Nachrichtenkanal gefordert : ARD räumt Versäumnisse bei Notre-Dame-Brand-Berichterstattung ein

An der Berichterstattung von ARD und ZDF rund um den Brand in der Notre-Dame kam massive Kritik auf. Jetzt hat sich der ARD-Vorsitzende geäußert.

Die ARD hat Versäumnisse bei der Berichterstattung über den Brand der Kathedrale Notre-Dame in Paris eingeräumt. Es wäre sinnvoll gewesen, um 21 Uhr eine zusätzliche „Tagesschau“-Ausgabe anzubieten, sagte der ARD-Vorsitzende und BR-Intendant Ulrich Wilhelm am Mittwoch nach einer Intendanten-Konferenz in Hamburg. Unterdessen ging die von Ulrich Deppendorf und weiteren früheren ARD-Journalisten angestoßene Diskussion über einen öffentlich-rechtlichen Nachrichtenkanal weiter (hier mehr über die Kritik des ehemaligen Chefredakteurs der ARD nachlesen). Sie hatten eine unzureichende Berichterstattung der Sender über die brennende Kathedrale kritisiert.

Wilhelm erklärte, dass die „Tagesschau“ um 20 Uhr mit der Anklage gegen den ehemaligen VW-Chef Martin Winterkorn und nicht mit dem Brand begonnen habe, sei keine redaktionelle Wertung gewesen. Der Beitrag aus Paris sei nach einer Aktualisierung erst um 19.59 Uhr fertig gewesen.

ARD-Programmdirektor Volker Herres verteidigte die Entscheidung, keinen „Brennpunkt“ nach der „Tagesschau“ zu senden. Es habe zu diesem Zeitpunkt keine zusätzlichen Informationen gegeben, die einen Mehrwert gegenüber der „Tagesschau“ gebracht hätten: „Im Ergebnis hätten wir eine brennende Kirche zeigen können.“ Es sei auch nicht Aufgabe der ARD, Gerüchten und Verschwörungstheorien nachzugehen, die bereits frühzeitig im Netz kursierten. Die Frage, ob ein Laufband mit aktuellen Nachrichten eingeblendet werde, entscheide die Redaktion von ARD-aktuell eigenständig.

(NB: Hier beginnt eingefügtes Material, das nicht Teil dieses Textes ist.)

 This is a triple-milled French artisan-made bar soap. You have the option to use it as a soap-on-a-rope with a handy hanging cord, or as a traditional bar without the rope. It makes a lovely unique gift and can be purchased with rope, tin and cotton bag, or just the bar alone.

Der ARD-Vorsitzende Ulrich Wilhelm. Foto: dpa/Daniel Reinhardt

Ein öffentlich-rechtlicher Nachrichtenkanal wäre nach Ansicht des Deutschen Journalisten-Verbands (DJV) ein sinnvoller Beitrag zur Weiterentwicklung des Rundfunksystems. Für ein solches Angebot hatte sich angesichts der Berichterstattung über den Brand in Paris der frühere ARD-Chefredakteur Ulrich Deppendorf ausgesprochen. Der DJV-Bundesvorsitzende Frank Überall sagte am Mittwoch in Berlin, er wolle sich keiner Kollegenschelte anschließen, fordere aber, aus der Senderstruktur konstruktive Konsequenzen zu ziehen.

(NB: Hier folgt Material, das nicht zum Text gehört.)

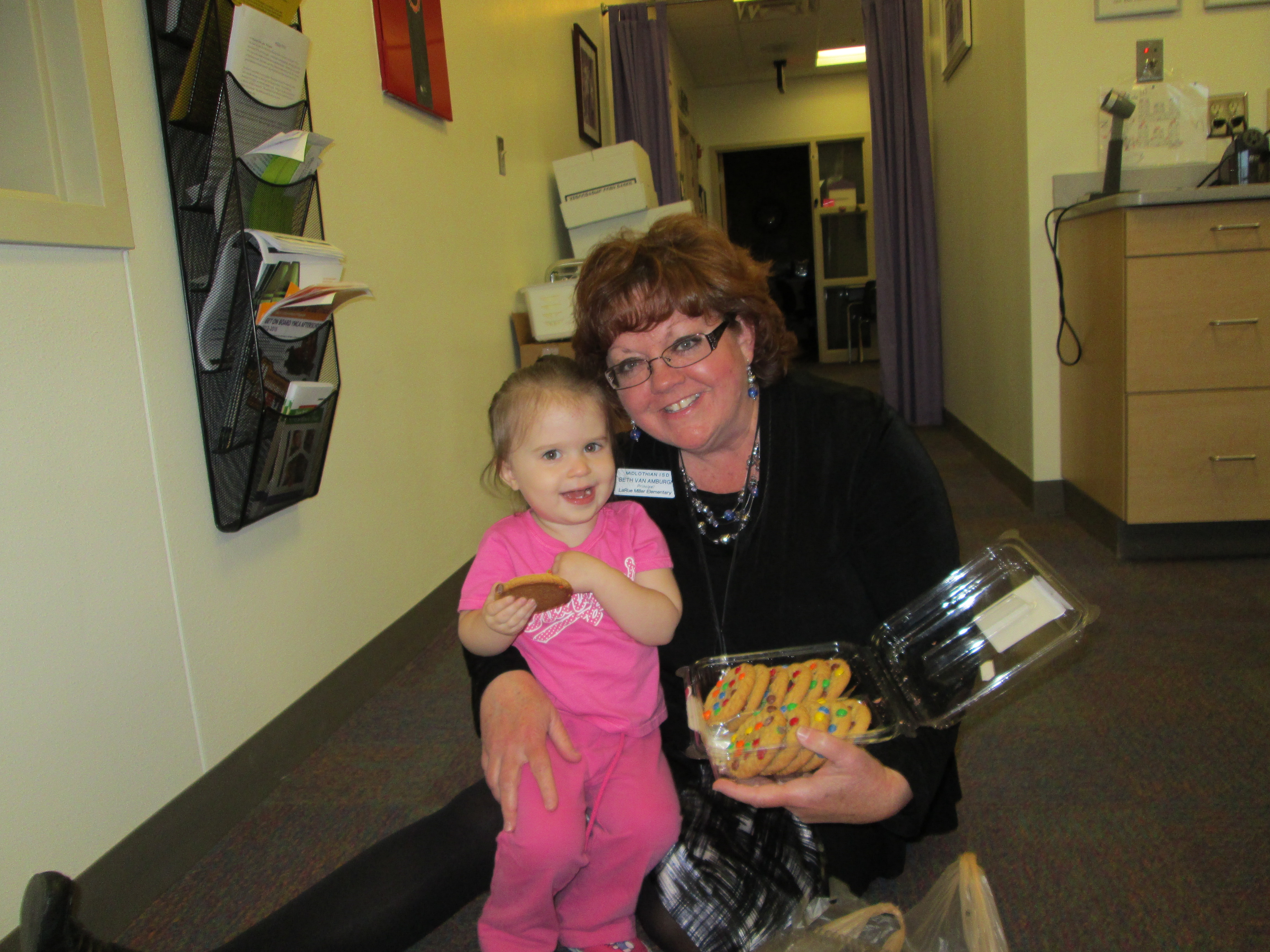 My little friend, Bella, (and her mom) did just that today! This little voice comes skipping into the front office with a big package saying, “I need to see Mrs. Van.” When Mrs. Worley found me, Bella had a big bag filled with huge cookies (because it’s no secret how much I adore cookies). More importantly, Bella’s mom helped her to perform this act of kindness (she did have to drive her here after all). You see, Bella has big brothers (who attend other campuses now), but we still keep up with each other. Bella is two…”more than two.” 🙂 She is becoming fluent in Spanish and counted for me today. Our office truly enJOYs watching her grow, learn, and participate with us. She is doubly blessed with amazing parents and siblings who nurture her natural curiosity and zest for life. She is taught to love others and to share…just like her random act of kindness with a big bag of cookies today. Thanks Bella and Jill; there’s a big glass of cold milk in our immediate future, ’cause if you give Mrs. Van a cookie… 🙂

Schnelle Informationen und Interviews mit sachkundigen Gesprächspartnern seien nur von internationalen Sendern wie CNN geboten worden, nicht jedoch von der ARD, hatten der frühere ARD-Chefredakteur Deppendorf und weitere renommierte Journalisten erklärt. Dem „Tagesspiegel“ (Online) sagte Deppendorf, die Intendanten müssten entscheiden, dass bei solchen Ereignissen Information absoluten Vorrang habe, und dann aber auch im Ersten die Möglichkeit dazu schaffen. Deppendorf sprach sich zugleich für einen öffentlich-rechtlichen Nachrichtenkanal aus.

Der DJV-Vorsitzende erklärte, wie schnell und in welchem Umfang über herausragende zeitgeschichtliche Ereignisse berichtet werde, dürfe nicht davon abhängen, ob und wie schnell Intendanten und Chefredakteure der ARD-Anstalten Konsens erzielten: „Mit solchen Strukturen lässt sich Erzählfernsehen betreiben, aber nicht ein interessantes und aktuelles Nachrichtenangebot liefern“, kritisierte Überall.

Für einen öffentlich-rechtlichen Nachrichtenkanal seien der politische Wille der Intendanten und eine hinreichende Finanz- und Personalausstattung erforderlich. „An gut ausgebildeten und leistungswilligen Journalistinnen und Journalisten besteht kein Mangel. Entscheidend ist der Wille der Verantwortlichen, die Anstalten fitzumachen für den Medienwettbewerb in der digitalen Welt“, unterstrich Überall.

Der ARD-Vorsitzende Wilhelm sagte vor Journalisten in Hamburg zum Thema öffentlich-rechtlicher Nachrichtensender, er würde sich ja gerne dafür starkmachen, aber leider zögen die Bundesländer nicht mit. Ohne Auftrag der Politik könne er da nichts machen, sagte Wilhelm.